El comerciante recibió entre dos y tres golpes con la culata de un arma en la cabeza, lo que le significó que le
colocaran tres puntos de sutura.
"Me pegaron a mi y al carnicero. A un viejito que había le rajaron la cabeza y también a otro chico, que después me
lo encontré en el hospital. Además, zamarrearon a las chicas, todo sin ninguna necesidad", opinó.
No descartó el vocero que los asaltantes estuvieran drogados o alcoholizados, porque "si entraron de esa manera...",
y también confesó que, en ese marco, "todo se torna peligroso", debido a que había mucha gente en el salón y no se sabe
cuáles pueden ser las reacciones, aunque no existió resistencia.
Barrientos admitió que todos son "conocidos".
"Entraron dos y el otro quedó en la puerta. Uno estaba con casco, pero lo conocés igual, del barrio. Otro vino hace
dos años, a robarme, pero era menor y por eso zafó", dijo.
Al abordar la cuestión legal, estimó que el mismo joven podría recuperar nuevamente la libertad, porque, "como son
las leyes, supuestamente es la primera c... que se manda de mayor y así podría salir".
"Vamos a ver el fiscal qué papel adopta y también el juez. A ver cómo sigue la otra pata de la mesa.

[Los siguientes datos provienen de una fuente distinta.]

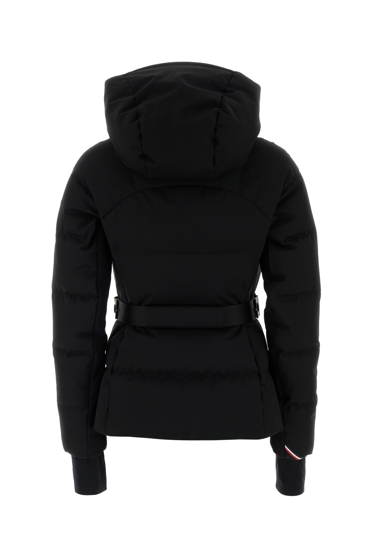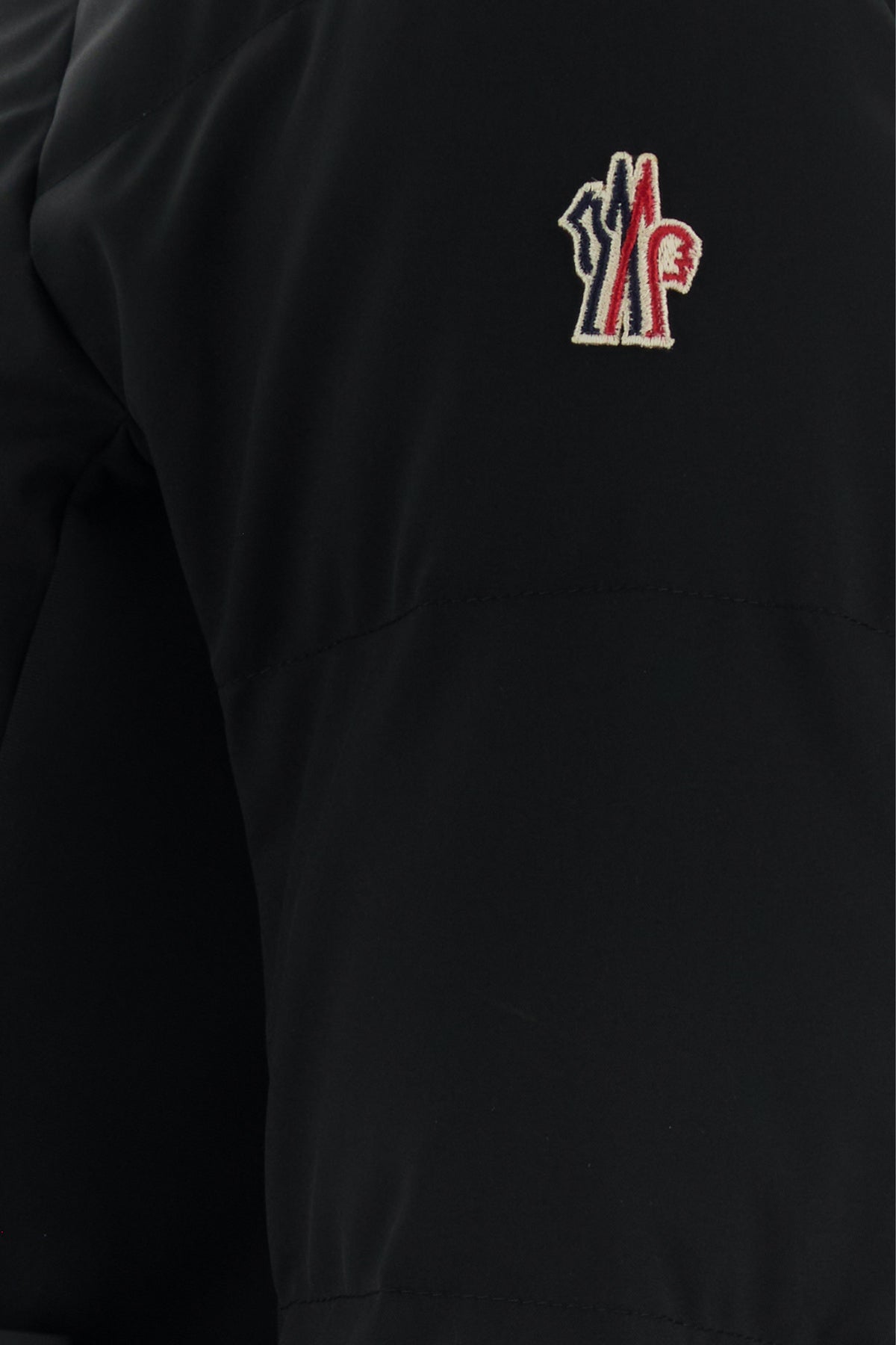 Piumino realizzato in nylon stretch trapuntato arricchito da applicazione logata sulla manica.

A ver si esta
gente se cura, cosa que no creo", señaló Barrientos, quien admitió que ayer aún sentía dolor de cabeza por los golpes.
"Perdí la cuenta".
Sobre la cantidad de delitos sufridos, el informante fue tajante: "ya no cuento más; perdí la cuenta" y reconoció
que "te cuesta bastante" seguir adelante, aunque "no te queda otra".
Para el esclarecimiento del delito de la antevíspera, destacó el compromiso de los vecinos, que observaron la fuga
de los sujetos y avisaron al servicio de emergencias.

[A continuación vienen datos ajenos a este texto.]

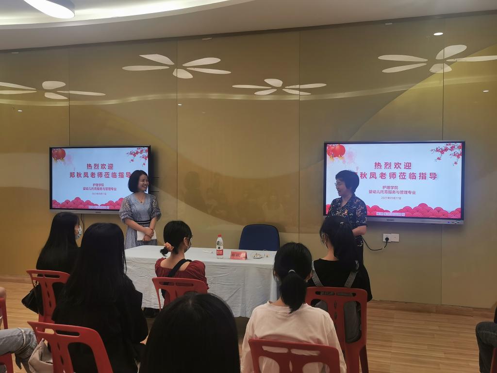 2021年9月17日下午,我校护理学院邀请福建贝悠童教育咨询有限公司执行董事郑秋凤女士开展《懂早教发展,看托育未来》专题讲座。本次讲座由护理学院党总支书记谢涛主持,托育服务与管理专业全体师生有幸聆听了此次讲座。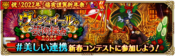 詳細は「ヴァジュイールの芸術採点2022開催記念 #美しい連携 新春コンテスト」開催時に掲載されるゲーム内お知らせをご覧ください。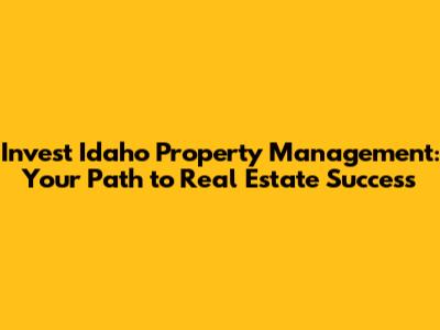 Invest Idaho Property Management: Your Path To Real Estate Success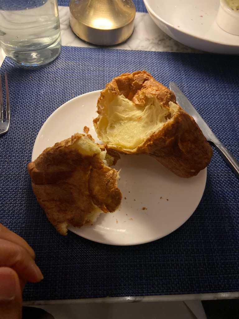 The bread, oddly enough, resembles the shape of a turkey leg. From the exterior it looks pretty hefty and dense, but once you cut it open, it’s surprisingly more like croissant! It’s buttery and flakey and paired with some amazing salted rosemary butter 😋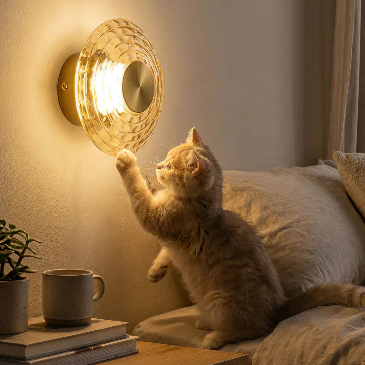 Корпус изготовлен из металла модного оттенка латуни. Круглый плафон диаметром 15см из стекла с насыщенной янтарной тонировкой закреплен на металлическом основании. Мощность изделия составляет 6Вт.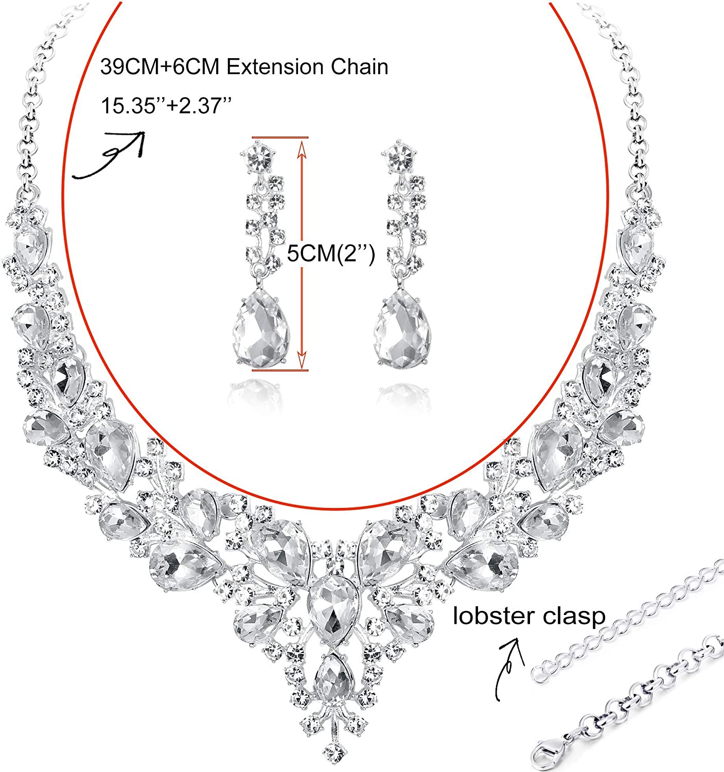 RHINESTONE JEWELRY SIZE-- Crystal Necklace Adjustable Chain Length 39cm (15.35’’)- 45cm (17.72’’), Bridal Drop Earrings Length: 5cm(2’’). Teardrop Bracelet Length: 19.5cm(7.7’’), With 7cm (2.8’’) Extension Chain, Easy To Adjust, No Worry About Size Problem.

"Ellos se portaron muy bien y la policía actuó rapidísimo, porque yo llamé al 911, pero los vecinos ya habían
llamado y estaban acá cuando yo me estaba comunicando", comentó.
Para llegar a los supuestos malhechores, que se movilizaban en una moto Honda Biz, de 110cc y color gris, patente
DNF 799, que luego fue secuestrada, habría sido clave el aporte de un testigo, que los vio ingresar en la finca de la
calle Moreno al 1600.
"Se produjo una persecución en el interior de la vivienda y una lucha con el personal", hasta que finalmente se los
redujo, explicó el comisario Flavio Fatutta, jefe de la comisaría Quinta.
En el lugar se secuestraron el dinero sustraído en el comercio, un casco, un par de anteojos negros, un hierro
similar a un arma casera, un teléfono celular y documentación perteneciente a María Verónica Araujo (33), una de las
damnificadas.
Habría baleado a un camionero
Se sospecha que Adrián Escobar podría ser uno de los sujetos que, horas antes del violento asalto en el barrio
Noroeste, protagonizó otro hecho delictivo grave, al balear en un brazo a un camionero.
Ese incidente tuvo lugar en Zelarrayán al 3000, esquina Rigamonti, donde, al parecer, se registró un incidente de
tránsito entre el transportista, Carlos Alberto Salcedo y dos motociclistas (entre ellos estaría el acusado).
Ambas partes habrían discutido de manera acalorada, hasta que el transportista recibió amenazas y reanudó la marcha.
Escobar, como acompañante del conductor de la moto (sería la que se secuestró en jurisdicción de la seccional
Quinta), sería quien extrajo un arma y disparó contra el camión, impactando uno de los tiros en un brazo de Salcedo,
quien fue hospitalizado ayer a las 19.20.